It happened in Chicago as well, as the activists who like to politicize their religion held their own counterdemonstration Saturday across the street from the Federal Plaza – where hundreds (if not thousands) of gay rights activists held their own march and rally.
THOSE PROTESTERS OF the (far) right want to believe that if Illinois law were as ridiculous as California law in allowing so many fringe elements to put their pet crusades on the ballot so easily, they’d be able to get a majority of Illinoisans to vote against allowing gay couples to have any of the legal rights associated with marriage.

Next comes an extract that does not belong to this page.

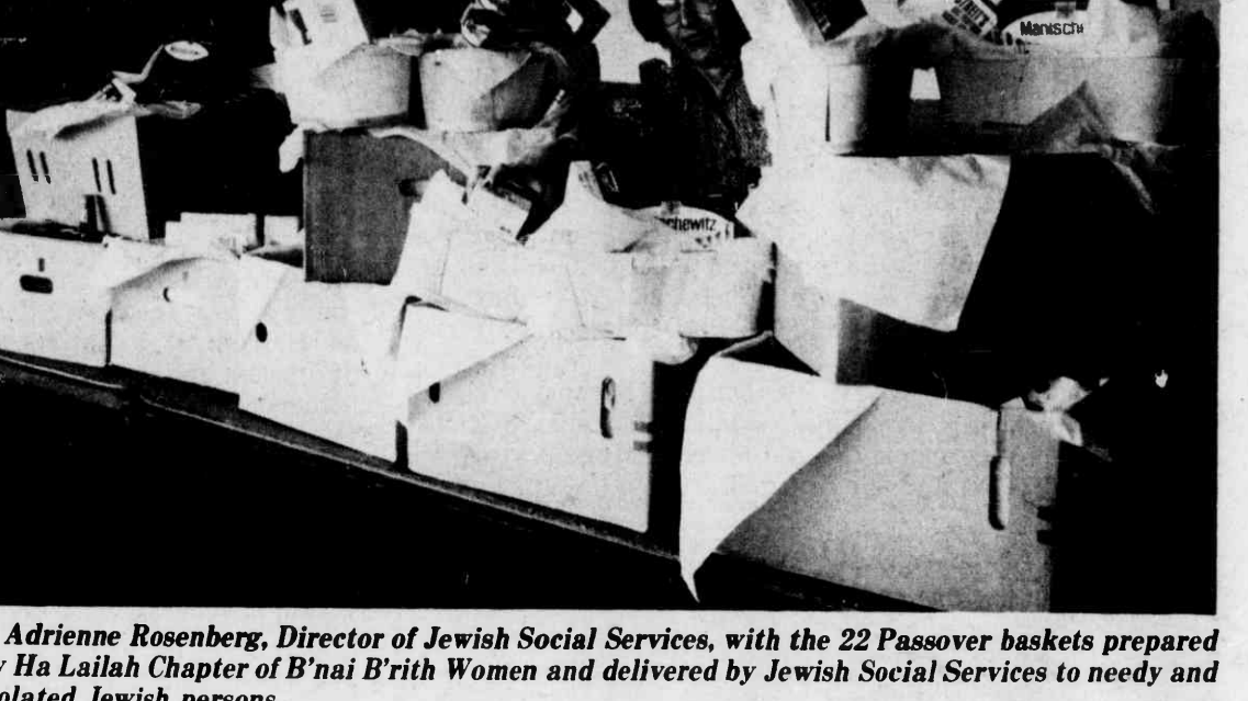
by Ha Lailah Chapter of B'nai B'rith Women and delivered by Jewish Social Services to needy and isolated Jewish persons.
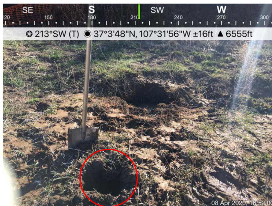
Photo 4: SS01 collected from area adjacent to the point of release, 4/8/2020.

“The people spoke in California and we believe they’d speak the same way here,” Peter LaBarbera (who on Saturday identified himself as being with a group calling itself Protect Marriage Illinois – the rest of the year, he is with the group Americans for Truth About Homosexuality) told the Chicago Tribune.
He’s probably right.
There are enough people who get irrational when it comes to the issue of marriage that a majority probably would be silly enough to vote “yes” on a measure they perceived as opposing the interests of gay people.

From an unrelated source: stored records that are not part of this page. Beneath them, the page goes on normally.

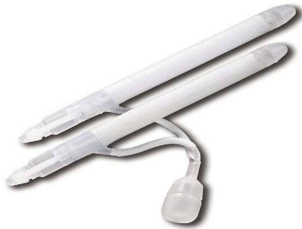
Fig. 1. AMS Ambicor two-piece inflatable penile prosthesis

inflatable. The only two-piece device currently available is AMS Ambicor(Fig.1). When this nondistensible device is deflated, the cylinders collapse and the penis, unlike that with a malleable prosthesis, is not rigid. When the scrotal pump is cycled, a small volume of fluid is transferred from the rear tips of the cylinders into the distal nondistensible chambers filling and then pressurizing them. Different from 3-piece inflatable prosthesis, Ambicor does not increase in size with inflation. Flaccidity and erection are more compromised with this model when compared with 3-piece device due to low, restricted reservoir volume. Also the device is not available with antibiotic impregnated forms as of yet, but has an acceptable short-term mechanical reliability (Levine LA 2001).
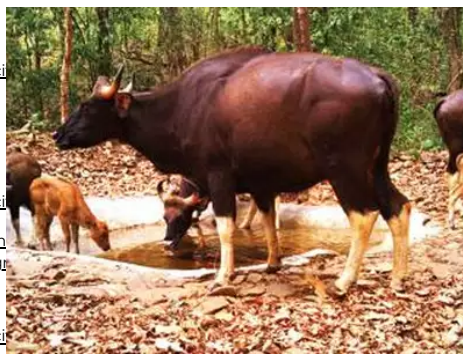
Waterholes of the dry areas of the forest, one artificial waterhole was built for animals to quench their thirst

(https://timesofindia.indiatimes.com/city/goa/write-to-javadekar-on-proposed-projects-in-mollem-forest-areas/articleshow/77773053.cms)
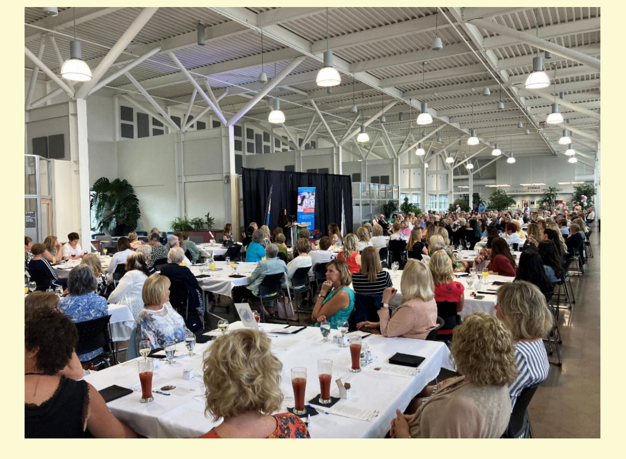
We had a full house for our Ladies' Luncheon on May 11 at RDP!
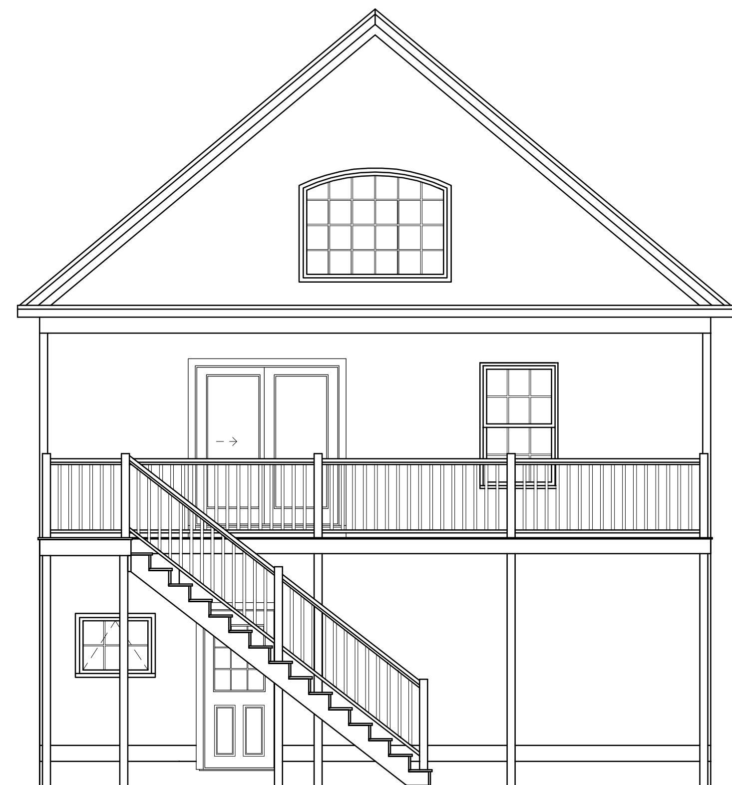
REAR ELEVATION 1/4" = 1'-0"

CONSTRUCTION NOTE: CONTRACTOR TO VERIFY GRADE AND ALL DIMENSIONS IN FIELD BEFORE CONSTRUCTION. DESIGN SHOWN MAY DIFFER FROM ACTUAL FINISHED CONSTRUCTION. FINAL MATERIALS, WINDOW/DOOR LOCATIONS AND SIZES, TO BE DETERMINED PER OWNER/CONT. OR LOCAL CODES.
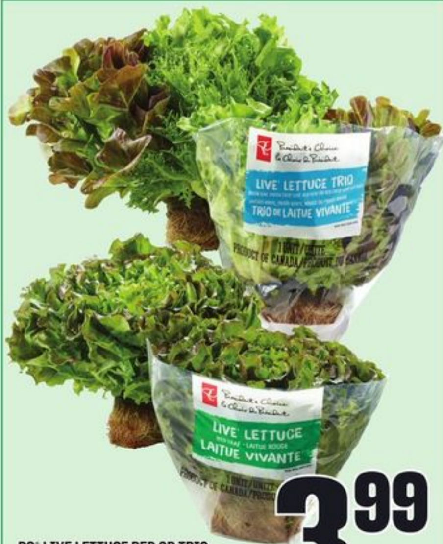
PC ® LIVE LETTUCE RED OR TRIO PRODUCT OF CANADA 1'S 21506580_EA/21178850_EA
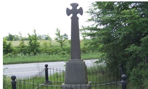
Barnby War Memorial
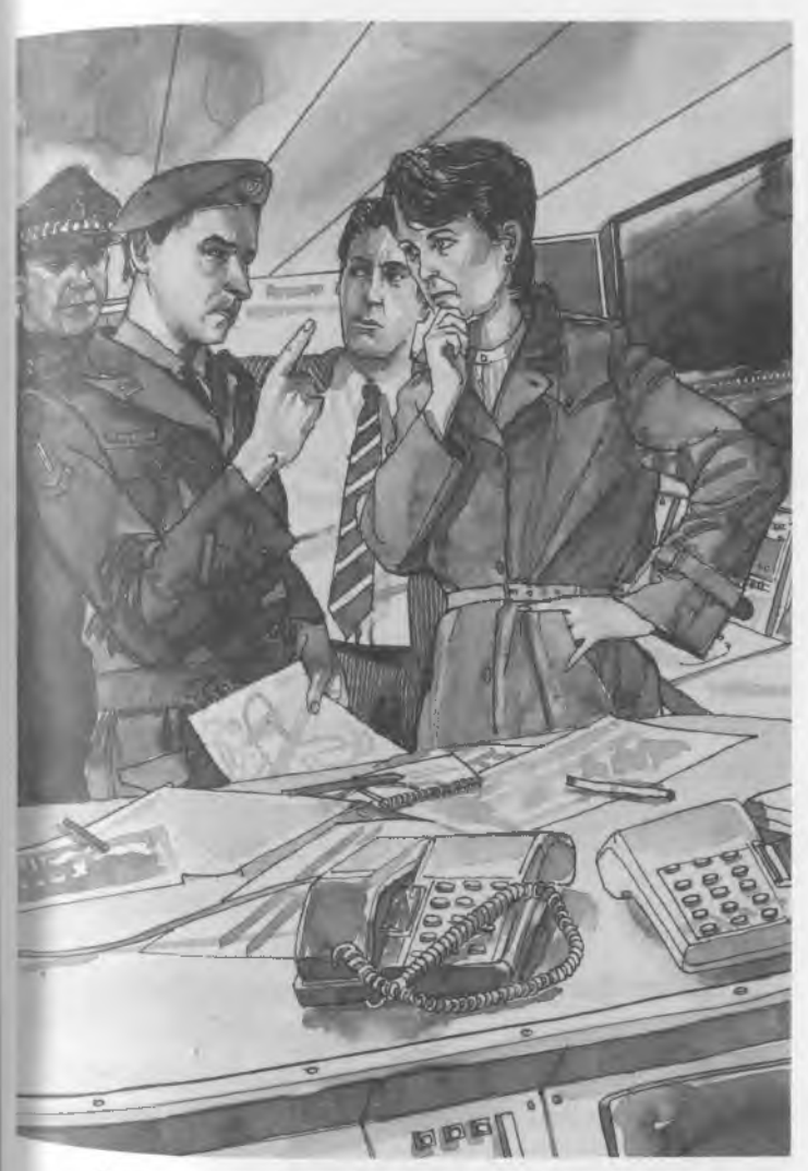
'Just one hour. Then they'll kill the first passenger.'

BUT I HAVE to argue – that attitude is irrelevant, regardless of how prevalent it is.
There are times when the correct thing for a society to do is the minority opinion, and it is the duty of a responsible government to be able to figure out when those issues occur and to prevent the majority opinion from running roughshod over the rights of the minority.
The most drastic situation was with regards to the days when segregation based upon race was completely legal in this country (it even had Supreme Court backing from the case of “Plessy vs. Ferguson”).
I have no doubt that any “vote” on the issue taken in the Southern states on whether segregation of the races was justified would have created a majority of voters (even if one assumes that black people were not interfered with at the polling places) who would have voted “yes” to maintain it. Anything promoting integration would have been voted down.
IN OTHER PARTS of the country, there likely would have been a majority of the people who would have been willing to look at the issue as being purely local – as though certain basic rights ought to be denied to some people, based upon what state they happen to be in.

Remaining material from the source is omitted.